● GIVEN INFORMATION
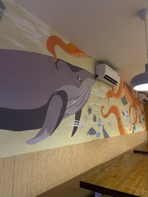 소셜 미디어에서 입소문이 자자한 Fish Streat. 드디어 오늘, 그 맛을 직접 경험하기 위해 셈파카(Cempaka)로 향했다. 폭우가 쏟아지는 날이었지만, 맛있는 음식을 향한 기대감은 빗줄기보다 더욱 거셌다. 가게 문을 열자 따뜻한 기운이 느껴졌다. 아늑한 공간은 생각보다 넓지 않았지만, 4~5개 정도의 테이블이 오밀조밀하게 놓여 있어 편안한 분위기를 자아냈다. 벽면에 그려진 거대한 고래 그림이 눈길을 사로잡았다. 파스텔톤 색감은 몽환적인 분위기를 더하며, 마치 바닷속 세계에 들어온 듯한 느낌을 선사했다.
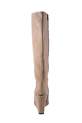 - A concealed wedge extends the vertical reach of this sleek leather boot.
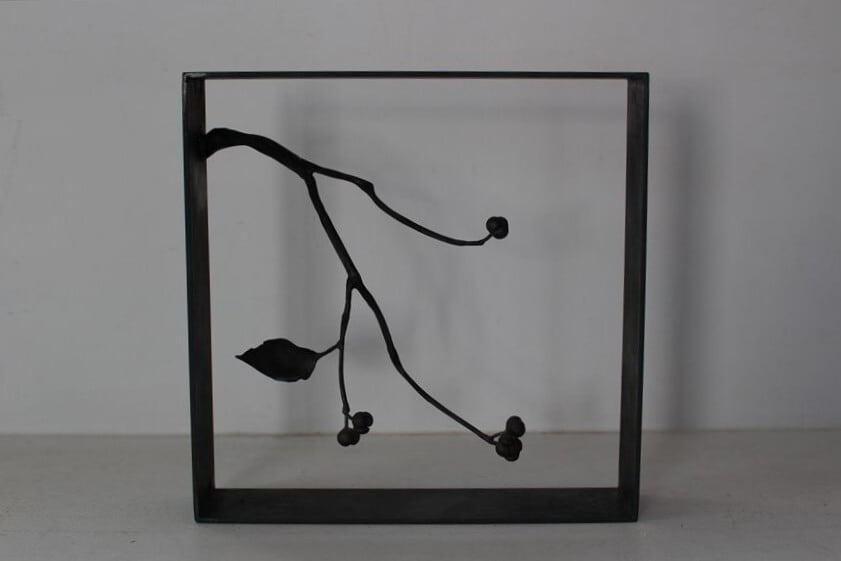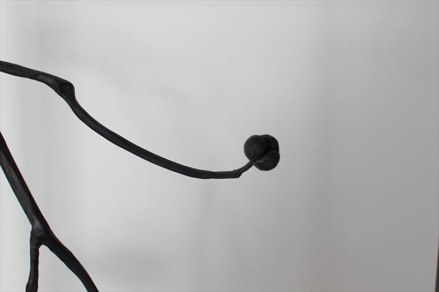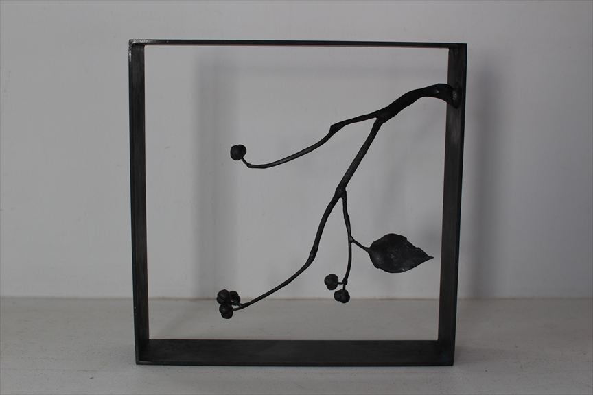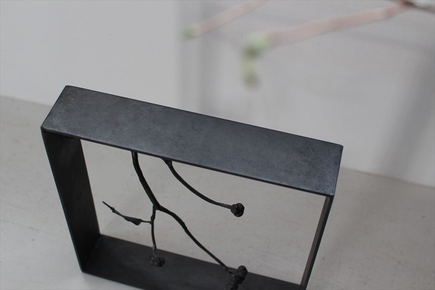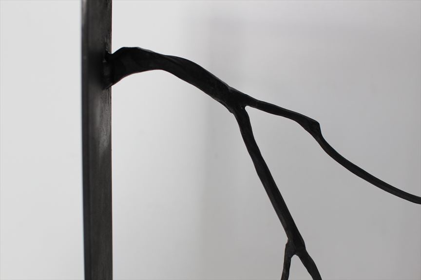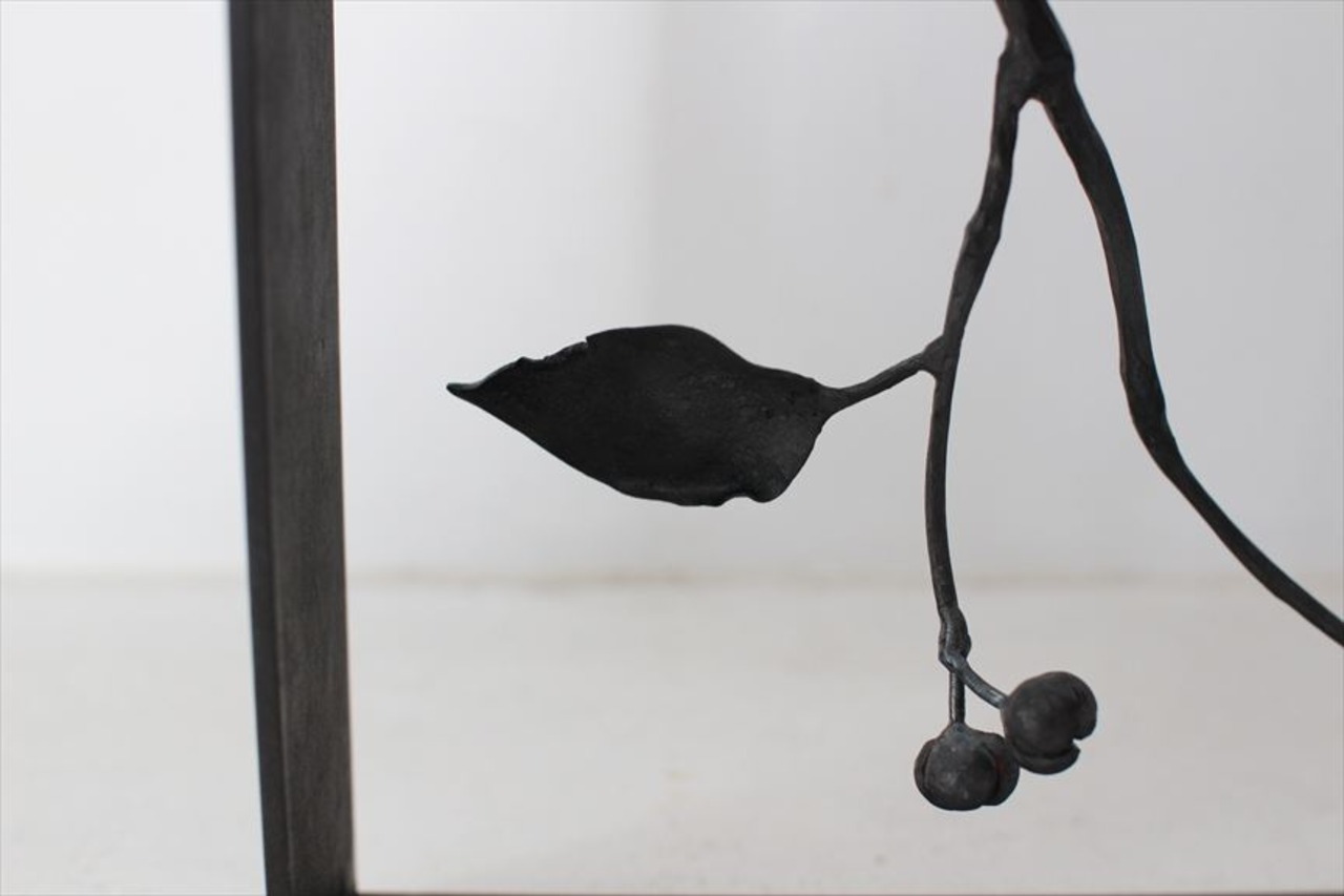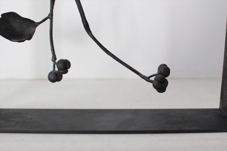 鉄で作られた大きなオブジェ、高く大きな枝を生けることのできる重い鉄の花器、一本の金属の棒をただ叩いて叩いて伸ばし広げ、カトラリーに仕上げたぬくもりのある素朴な作品など、

● THE TASK
Output the data exactly. Pictures don't belong in the result.

● OUTPUT BELOW
 소셜 미디어에서 입소문이 자자한 Fish Streat. 드디어 오늘, 그 맛을 직접 경험하기 위해 셈파카(Cempaka)로 향했다. 폭우가 쏟아지는 날이었지만, 맛있는 음식을 향한 기대감은 빗줄기보다 더욱 거셌다. 가게 문을 열자 따뜻한 기운이 느껴졌다. 아늑한 공간은 생각보다 넓지 않았지만, 4~5개 정도의 테이블이 오밀조밀하게 놓여 있어 편안한 분위기를 자아냈다. 벽면에 그려진 거대한 고래 그림이 눈길을 사로잡았다. 파스텔톤 색감은 몽환적인 분위기를 더하며, 마치 바닷속 세계에 들어온 듯한 느낌을 선사했다.
 - A concealed wedge extends the vertical reach of this sleek leather boot.
 鉄で作られた大きなオブジェ、高く大きな枝を生けることのできる重い鉄の花器、一本の金属の棒をただ叩いて叩いて伸ばし広げ、カトラリーに仕上げたぬくもりのある素朴な作品など、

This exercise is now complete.